Epigenetic Study Reveals Novel Subgroups for Type 2 Diabetes

Today over 400 million people around the globe are living with diabetes, the more significant majority of which have type 2. In all cases, the disease disrupts the body’s use of glucose, making it difficult for cells to take in needed sugar from the blood. Over time, high blood sugar levels can lead to problems with the kidneys, nerves, eyes, and feet, as well as comorbidities like heart disease and stroke.

Diabetes is a chronic condition, meaning that people who have it must learn to live with it for the rest of their lives. Medication and lifestyle management are a must. Yet, not all treatments work for everyone. It has been suggested by some in the field that diabetes may be more varied than we know, just like cancer and other diseases. Looking specifically at Type 2 diabetes (T2D), researchers have suspected differences for some time. However, not until recently, with the advance of modern technologies, has there been any evidence of this. 

A new study from Lund University (LU) in Sweden has found that T2D should be separated into subgroups, allowing for more individualized and targeted treatment options. The differences were identified by examining the epigenetic marks found in the blood of patients with T2D. As reported in the journal of Diabetes Care, the study has reclassified the disease based on sub-group unique DNA methylation patterns.

“We show that there are distinct epigenetic differences between subgroups of patients with type 2 diabetes.” says UL professor Charlotte Ling, who led the study. “The epigenetic markers are associated with different risks of developing common complications in diabetes, such as heart attack, stroke, and kidney disease.” 

Previous studies have demonstrated roles for various epigenetic mechanisms in the development of T2D, including histone modifications, non-coding RNAs, and DNA methylation. Epigenetic modifications are heritable changes in gene expression that can be influenced by similar environmental factors that heighten the risk for T2D, such as lifestyle and diet. 

In a renowned 2018 study, the Lund researchers demonstrated that type 1 and type 2 diabetes could be distinguished into five secondary groups. Three years later, the same research team found genetic differences among the four subgroups of T2D, indicating that the diseases may have distinct origins or underlying molecular mechanisms. 

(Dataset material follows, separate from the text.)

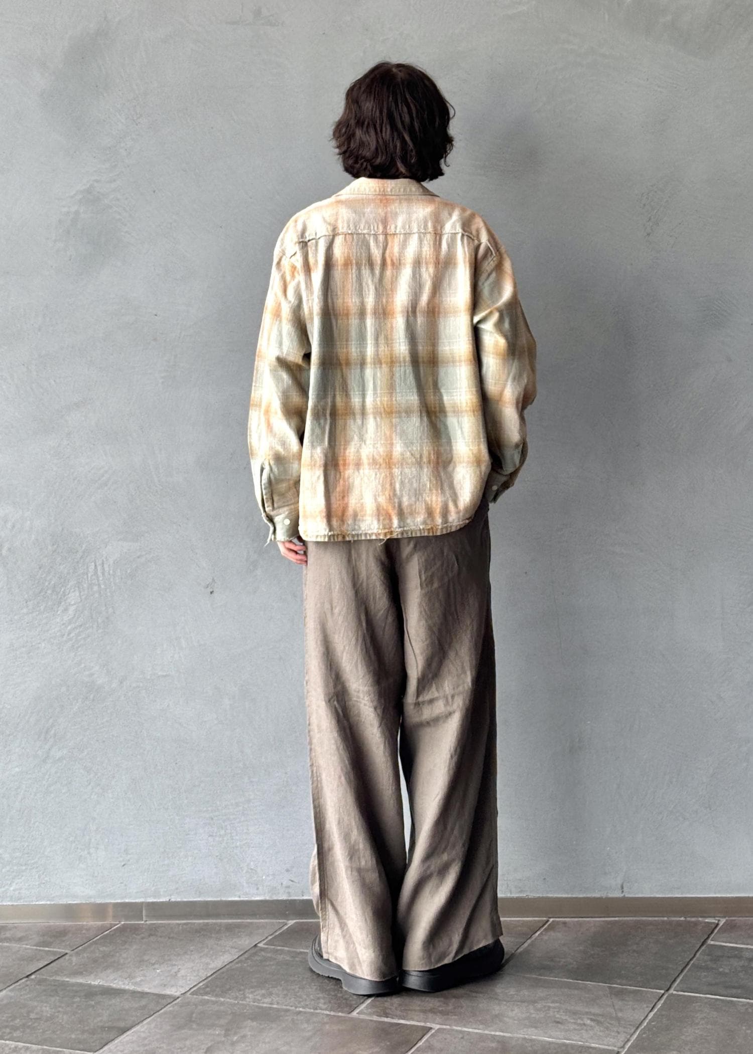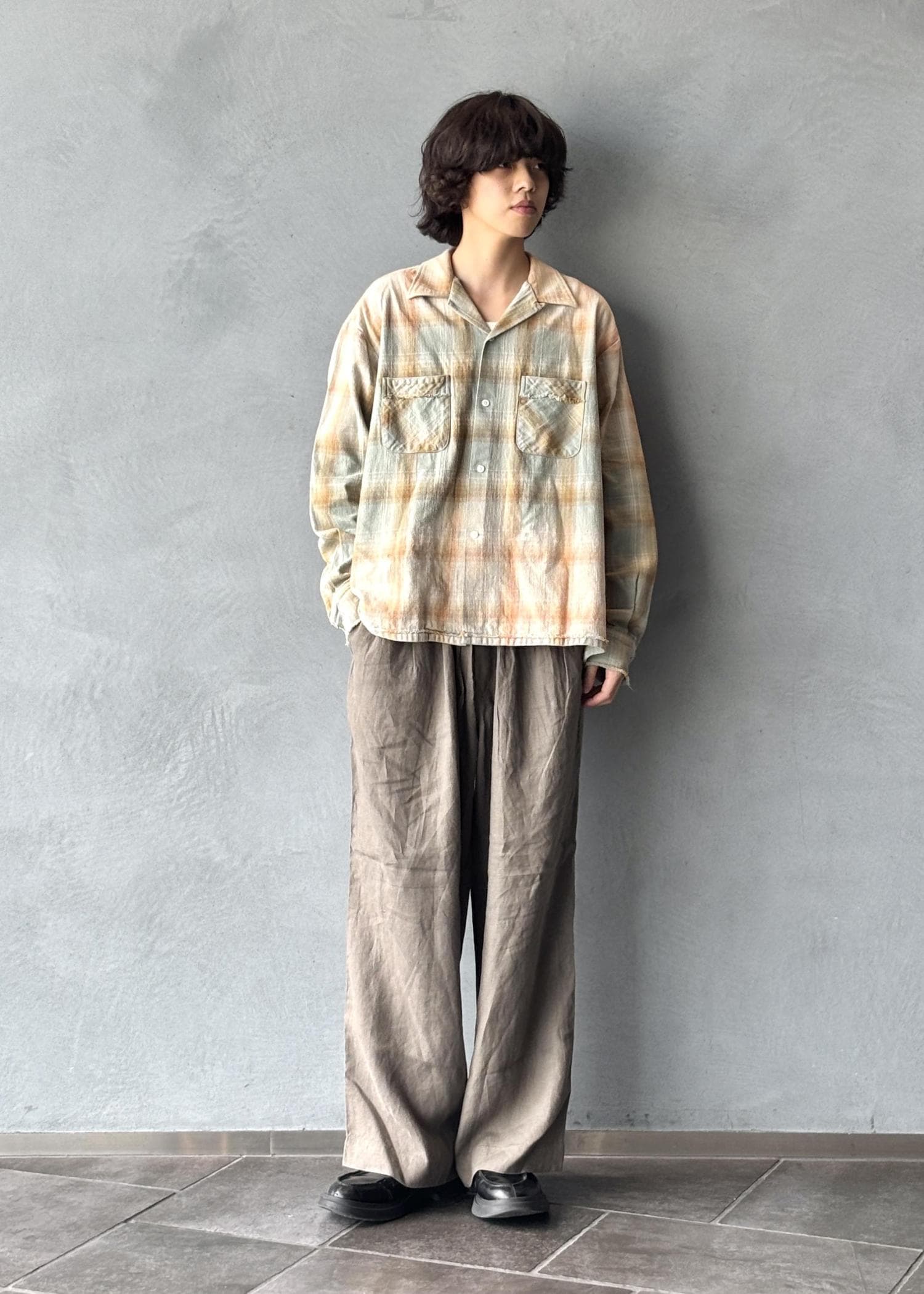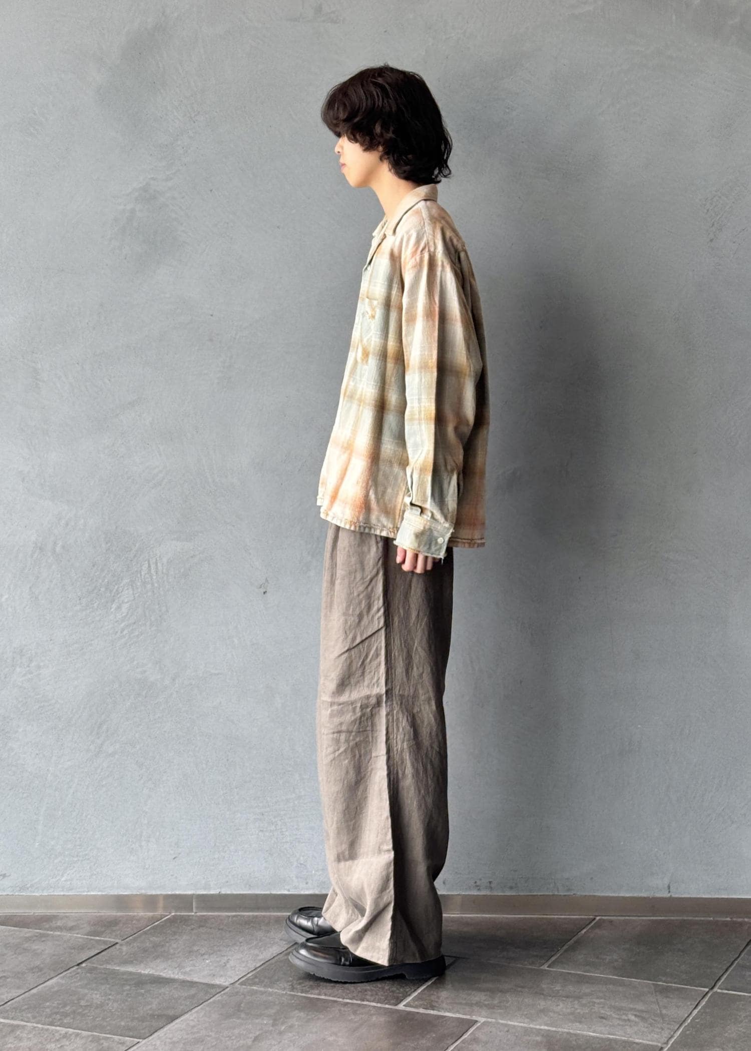 パンツにはオリジナルのリネンワイドイージーパンツを合わせ、軽やかでストレスのない穿き心地に。ゆとりのあるシルエットとリネン特有の風合いが、自然な抜け感を演出してくれます。

In the current study, the team investigated the same four T2D subgroups, reported as 1) severe insulin-deficient diabetes (SIDD); 2) severe insulin-resistant diabetes (SIRD); mild obesity-related diabetes (MOD); and 4) mild age-related diabetes (MARD).

Using genome-wide DNA methylation analysis, they investigated whether DNA methylation differed among the subgroups and whether a methylation risk score (MRS) associated with each group might predict diabetic complications. 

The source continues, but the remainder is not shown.